Helicopter parents. Control freaks. Perfectionists. Intolerants. Over-consumers. Social media junkies. We all fit in there somewhere. Read one woman’s stories of clinging, turning loose, and becoming free.
We are overly busy helicopter parents, control freaks, perfectionists, intolerants, over-consumers and social media junkies–who worry, fear, laugh less, and always want more. In the midst of it, we wonder what it would feel like to open our hands and turn loose of all of it.
In HOLDING ON LOOSELY: Opening My Hands, Lightening My Load, and Seeing Something Else, author Dana Knox Wright tells stories of one who is hardwired to cling. To her children when they asked for a blessing to go. To someone else’s ideas, when she didn’t trust her own. She held on to prejudice when she would tell you she didn’t. She shut down for days while clinging to fear. She clung to youthfulness as if what would come next couldn’t be her life’s cherry on top.
In a particular season of her life, she recognized her bent to possess, to keep, to hold tightly, and to control was completely contrary to Jesus’ example. This is one woman’s history of holding on and her stories of turning loose–stories of the gentle and firm, humorous and heartbreaking ways God led her to turn loose. It is living minimally from the inside out.

Holding on Loosely by Dana Knox Wright couldn’t have come at a better time in my life. A whole book filled with meaningful stories about letting go. Letting go of material things, old beliefs and behaviors, and even people. Ironically, I am clinging so tightly to those stories about losing people because of the place I am in currently. In the wake of a divorce, I’ve lost my last grandparent and the best friend that I ever had. I chose to let go of my husband, I had no choice about losing my grandmother, and by acting childish, I lost a dear friend.

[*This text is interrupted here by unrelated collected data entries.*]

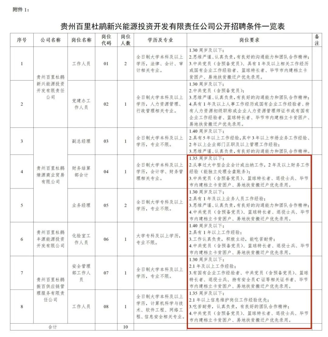 2.报名方式:邮箱投递《贵州百里杜鹃新兴能源投资开发有限责任公司面向社会公开招聘工作人员报名表》(请张贴本人近期1寸彩色证件照片电子档)、基础材料(身份证、毕业证、学位证、职称证书)及工作证明等电子扫描件以电子邮件的方式发至简历接收邮箱;邮件标题请注明:姓名+专业+应聘岗位。
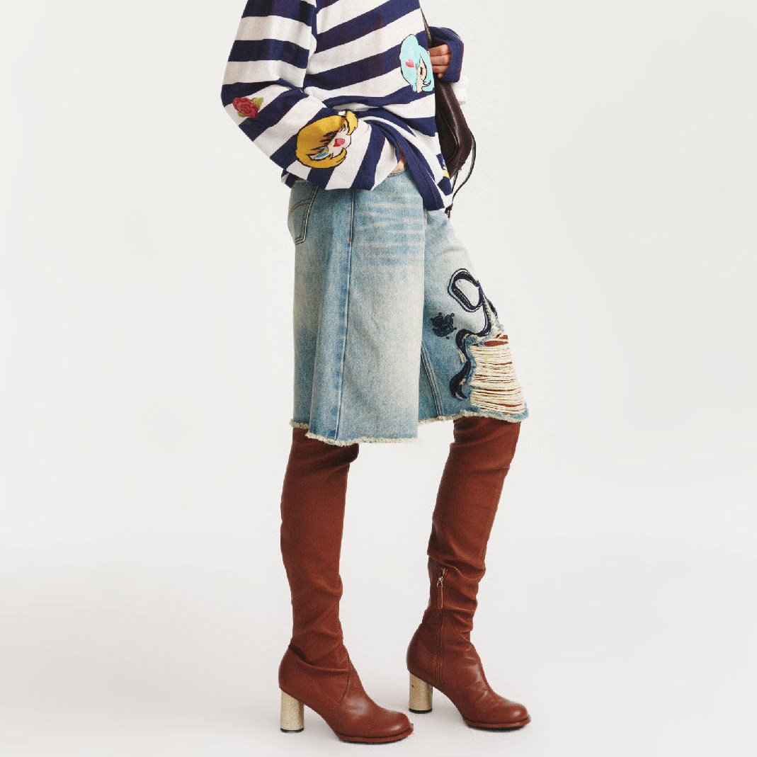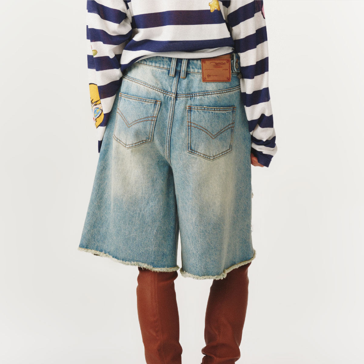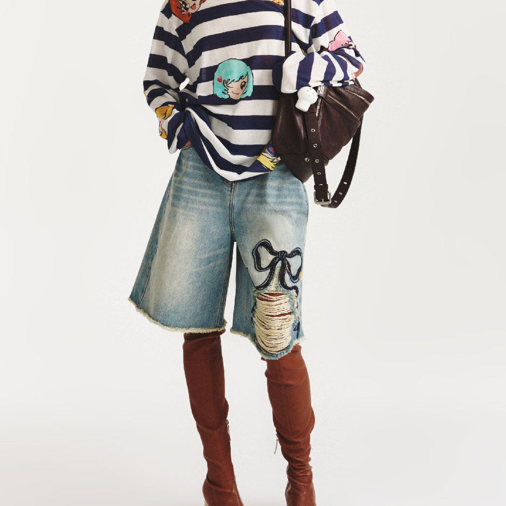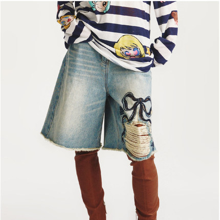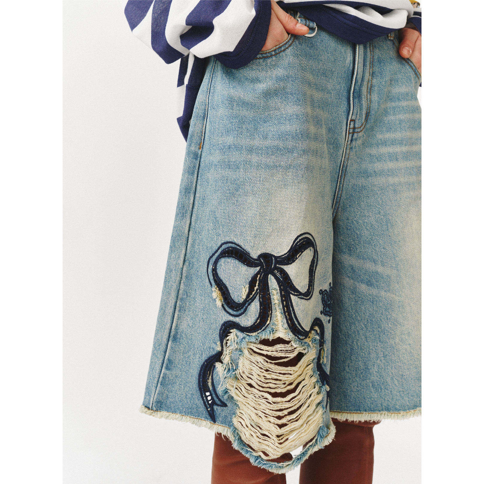 商场同款2026年春季牛仔风破洞短裤女休闲百搭蝴蝶结刺绣毛边裤子
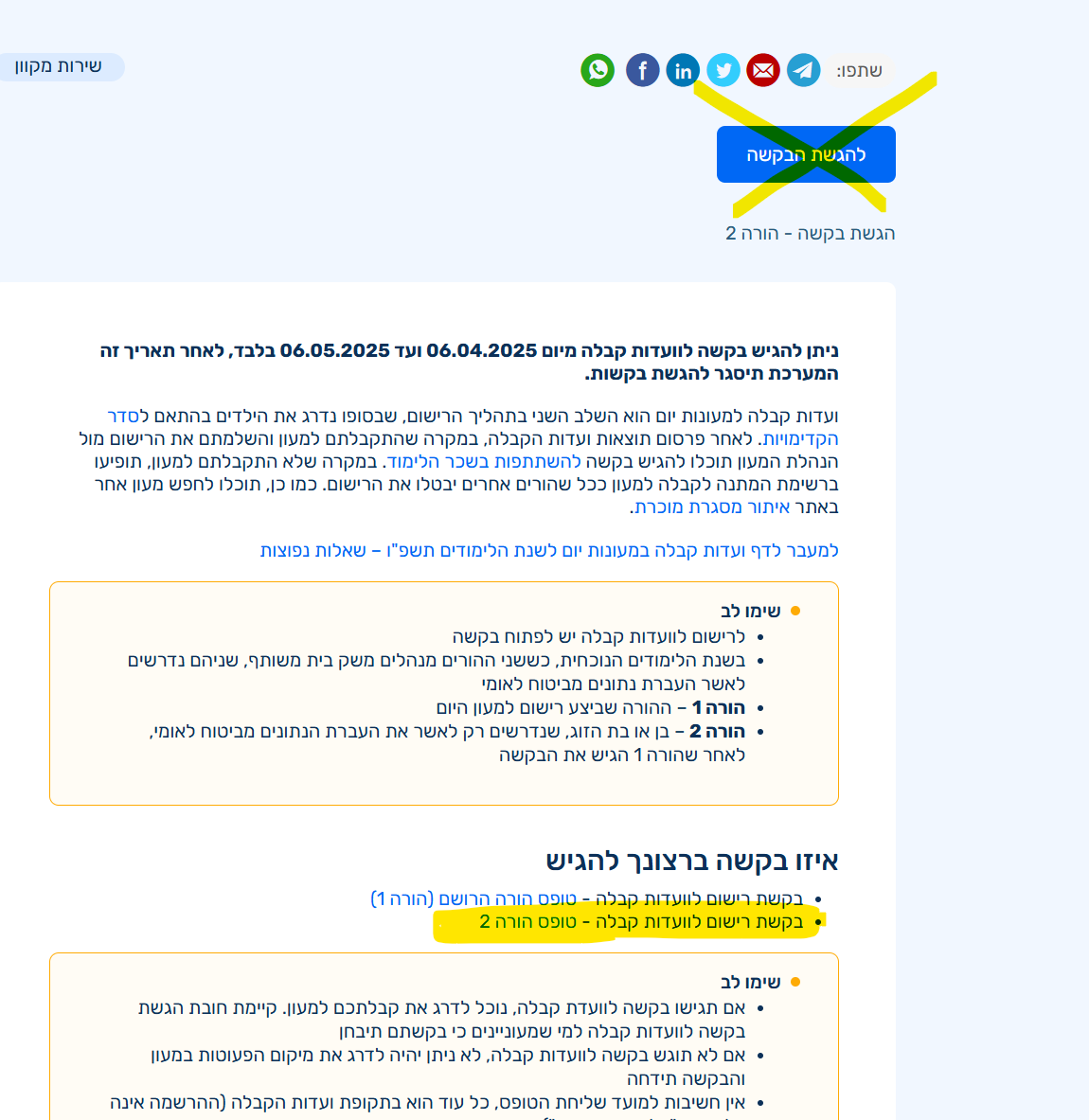 לפי נתוני המערכת אינך מוגדר כהורה שני לצורך השלמת הרישום לוועדות קבלה. ייתכן שהנתונים טרם נטענו במערכת, אנא נסה שוב בעוד כשעה
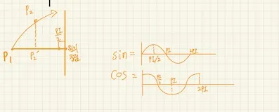 따라서 P1이 2Theta만큼 회전한 P2의 좌표는, (0 + r * cos(2Theta), y - sin(2Theta)이다.
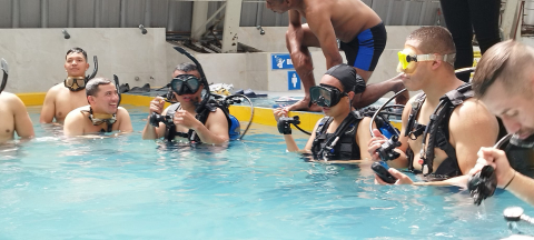 Este jueves 30 de marzo, los 12 agentes de la Guardia Ciudadana que pasaron las pruebas y fueron seleccionados para el curso especial de Rescate y Búsqueda en Lagos y Ríos de la inician sus prácticas de Equipamiento y respiración con tanque de oxígeno.

Wright’s words are a balm to my wounds, knowing that maybe years from now, I can reflect on these losses with sage-like clarity. Because I can tell you that at this moment, I am hurting so badly and it often feels like I can’t catch my breath. The optimism in these pages gives me hope that time will ease the pain and that I can learn to open my hands and let things and people go. Let that butterfly rise into the sun, hold more sand in my open hands, that sort of thing.
Perhaps if I wasn’t disillusioned with Christianity at the moment, I could feel something other than bitterness with the occasional dash of sadness. Wright is frank about the times that fellow Christians have wounded her or others, and I wish that I was that secure in my beliefs to act the same. If she says it in the book, I missed it, but I think that the key to letting go is often forgiveness. Not always, but I think it often is the answer. Forgiving someone for their wrongdoing, even if that person is yourself. Maybe especially if that person is yourself.
This book is for anyone who is struggling with change. While Wright does include stories from her childhood and adolescence, I think that this book is really aimed at more seasoned readers.